[Task brief]: Below are the entries to work from; restate word for word the portion that opens with the line containing "Union Members with the Staff" and closes with the line containing "图 3-2 离子除臭装置", keeping both.

[Information given]:
'''

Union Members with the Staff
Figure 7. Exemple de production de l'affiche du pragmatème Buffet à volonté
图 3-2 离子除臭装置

'''
'''

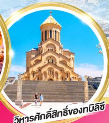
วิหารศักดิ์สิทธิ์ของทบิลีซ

'''

[Response]:
Union Members with the Staff
Figure 7. Exemple de production de l'affiche du pragmatème Buffet à volonté
图 3-2 离子除臭装置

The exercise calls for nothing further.